Tom Poje Posted April 5, 2019 Posted April 5, 2019 I think understanding women is easier than understanding much of the regs (I am somewhat clueless on either much of the time), but by now you should know any of my comments come from someone who is nuts. Agree you aren't suppose to aggregate ESOP with non esop, but it depends on what part of testing you are talking about. 1.410(b)-7(e)(2) is an example with 6 plans. Plan E is an ESOP and it is aggregated, but this is for purposes of the Avg Ben Pct test only (and I don't think you could impute disparity on that portion of the aggregated group either)

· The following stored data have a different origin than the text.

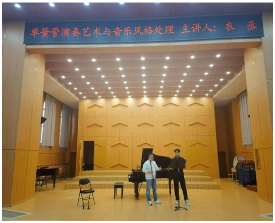 衣丞是国内著名的单簧管演奏家和教育家,他通过自己深厚的音乐功底和丰富的舞台表演经验,为在场的师生详细讲解了单簧管的独特魅力及其在演奏不同时期音乐作品的特点。讲座现场,衣丞教授向参会师生分享了他个人的演奏经验和心得,还与大家深入探讨了浪漫时期、古典时期以及近现代单簧管作品的风格特点。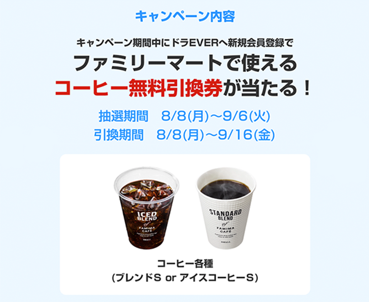 ◆「ドラEVERに新規会員登録でファミリーマートで使える無料引換券をプレゼントキャンペーン」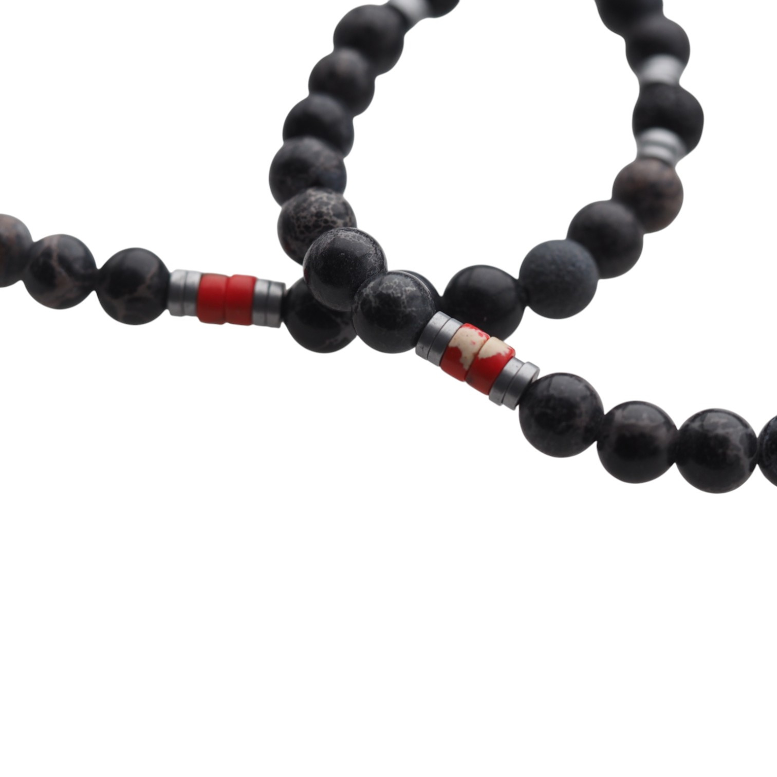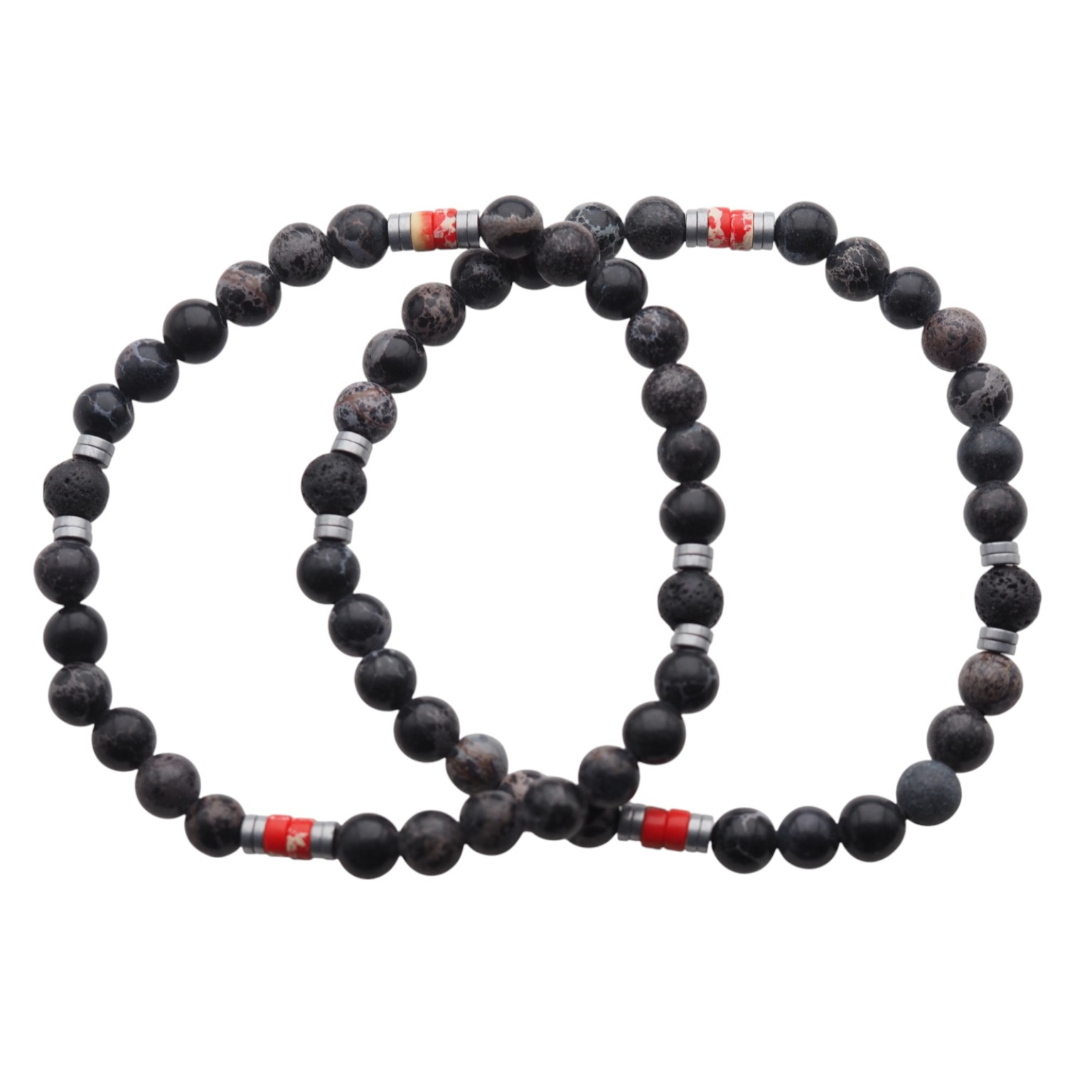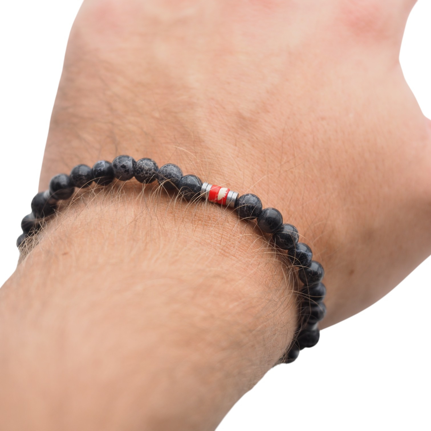 Nowoczesna, ręcznie wykonana bransoletka męska stworzona z naturalnych kamieni półszlachetnych – Lawy Wulkanicznej, czerwonego Jaspisu i Hematytu. Połączenie głębokiej czerni z metalicznym srebrem i subtelnym akcentem czerwieni nadaje bransoletce wyrazisty, energetyczny charakter.

Belgarath Posted April 5, 2019 Author Posted April 5, 2019 Thanks Tom - I'm talking purely about coverage testing, and not the average benefits percentage test. So you agree that for these coverage testing purposes, no aggregation?
CuseFan Posted April 5, 2019 Posted April 5, 2019 The average benefits percentage test is a coverage test, which requires you include 401(k)/(m) amounts/benefits in determining an AB% for the Employer's group of plans. Then if ESOP satisfies nondiscriminatory classification and safe harbor percentage, and the AB% > 70%, the ESOP passes coverage on its own. What clearly can't be done is say that the ESOP and 401(k)/(m) together covers > 70% and so passes ratio percentage test. If the ESOP service provider is showing that, it's time to look for a new provider, but hopefully they are simply showing the scenario portrayed above. Kenneth M. Prell, CEBS, ERPA Vice President, BPAS Actuarial & Pension Services kprell@bpas.com
Tom Poje Posted April 5, 2019 Posted April 5, 2019 the IRS has the following in their Coverage and Nondiscrimination – Demo 6 The following are considered separate plans under Income Tax Regulations the 1.410(b)-7(c) disaggregation rules. The separate plans are the portion of the employer’s defined contribution plan that provides: employer nonelective contributions, elective contributions under 401(k), matching contributions under 401(m), employee after tax contributions under 401(m), and ESOP contributions. Please note that the average benefits percentage test exception above applies to these items. https://www.irs.gov/pub/irs-tege/epchd1004.pdf .............. now, what if the allocation is in the ESOP plan but is not a stock contribution, but rather simply an additional profit sharing, since all the shares have been allocated. e.g. the above reads like a single plan that could have deferral, match, nonelective and ESOP.